Education jargon continues to confuse, sometimes getting in the way of effective reform.

… Edu-speak—the incomprehensible babble used to describe what are often relatively straightforward teaching methods, learning styles, and classroom designs—is plaguing the country’s schools. Intended to help people understand education reform, edu-speak often ends up doing the exact opposite: It muddles those reform strategies and, left unchecked, it could end up making positive change a lot more difficult to achieve. As Liz Willen, the editor of The Hechinger Report, wrote in 2013, it all adds up to a “communication breakdown that hampers education reform.” Just like its cousins in the corporate or legal worlds—synergy! Ex parte!—such jargon only adds confusion to already-confusing things.

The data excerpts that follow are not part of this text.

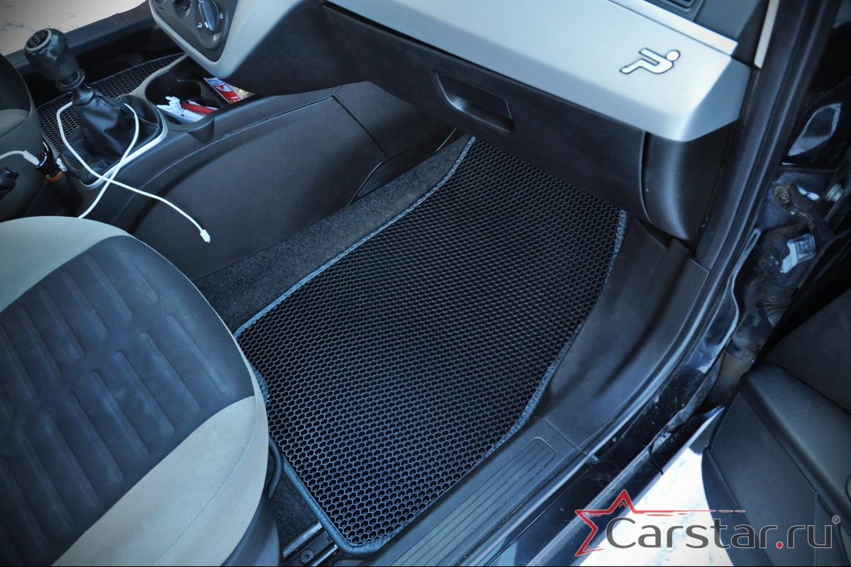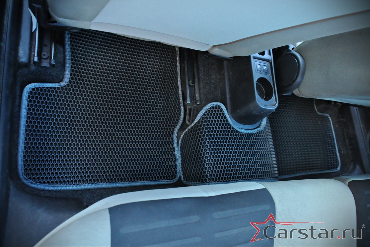 Толщина ковриков EVA составляет 10-12 мм. Глубина ячеек 7-8 мм. Такая толщина ковриков позволяет им служить довольно долго, не протираясь до 3 лет. А благодаря такой глубине ячеек коврик EVA площадью 1 кв.м. способен захватить около 3,5 л жидкости, сохраняя в чистоте вашу обувь и обивку салона.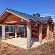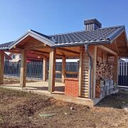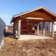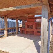 На участке оборудована беседка с печью и мангалом — готовое место для отдыха.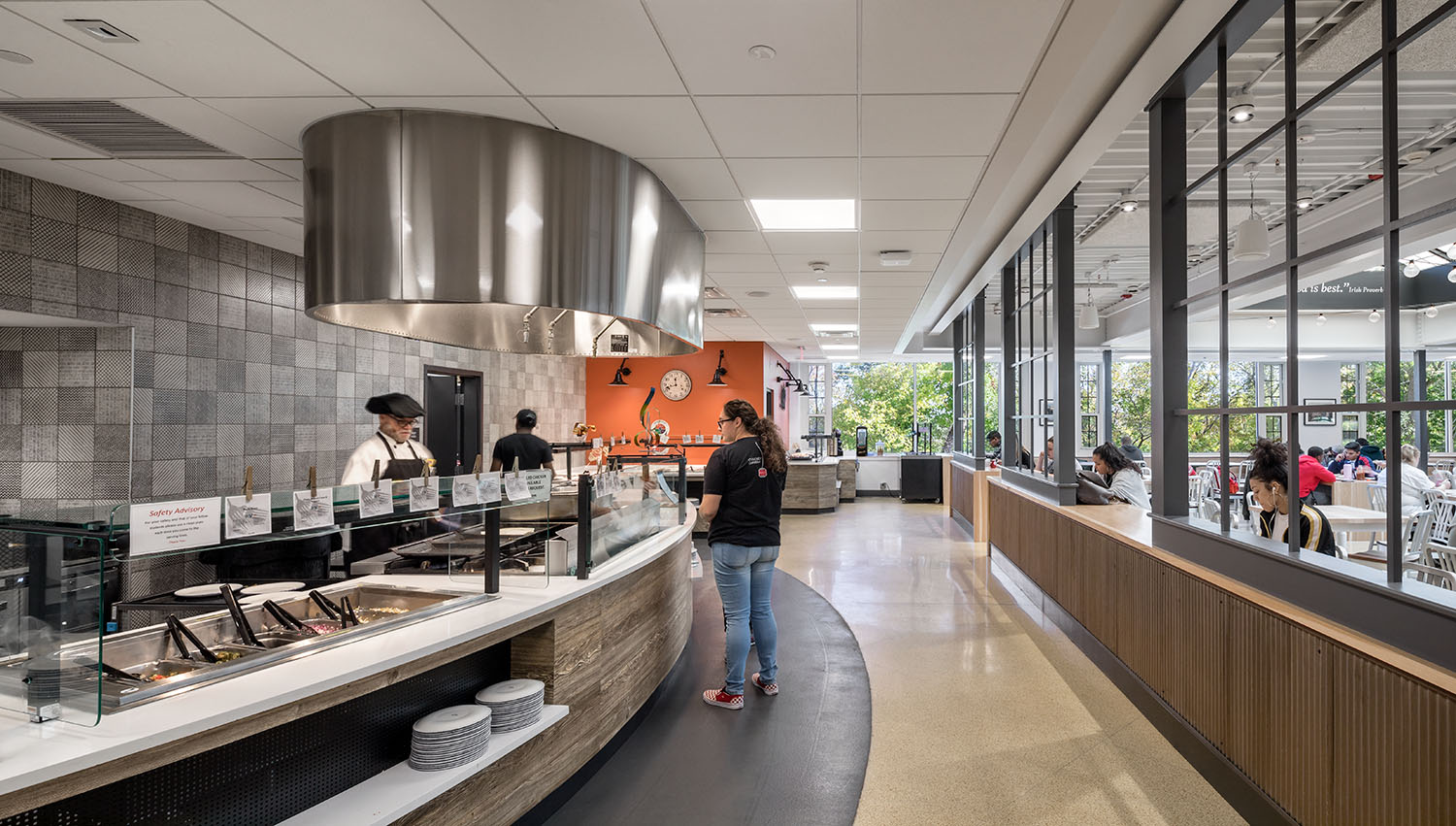 EDM provided engineering services for this 5,000 SF renovation of a university dining facility, focused on serving local farm-to-table fare and designed to recall a Farmer’s Market. At its center, a broad new skylight enlivens the space with daylight. An elongated community table, made from natural hickory, and variety of table and seating options extend under the new skylight. Various food serving stations and a grill surround the open seating area. “Market lights” under the skylight extend the ambiance into the evening hours. A living “green” wall shelters the dishwashing station from the main dining area. An adjacent underutilized study space was transformed into a comfortable, casual café space, offering additional soft seating options and a gas-fired fireplace.
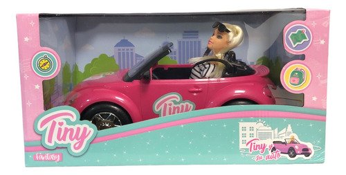Muñeca 30 Cm Tiny Con Su Auto De Paseo Con Sticker Tun Tuni Color Auto Rosa Sebigus

Everyone from parents to journalists get caught up in trying to understand the bewildering language used by “educrats”.

Parents get status reports on their kids and are baffled as to what half of the words mean. Teachers are ordered to alter their instruction but left unsure of what they’re actually being ordered to do. Kids are told to take random tests with weird names and remain unconvinced they’re doing anything productive. Journalists like me transcribe soliloquies at school board meetings and legislative hearings, dreading all the translation that we’ll have to do later.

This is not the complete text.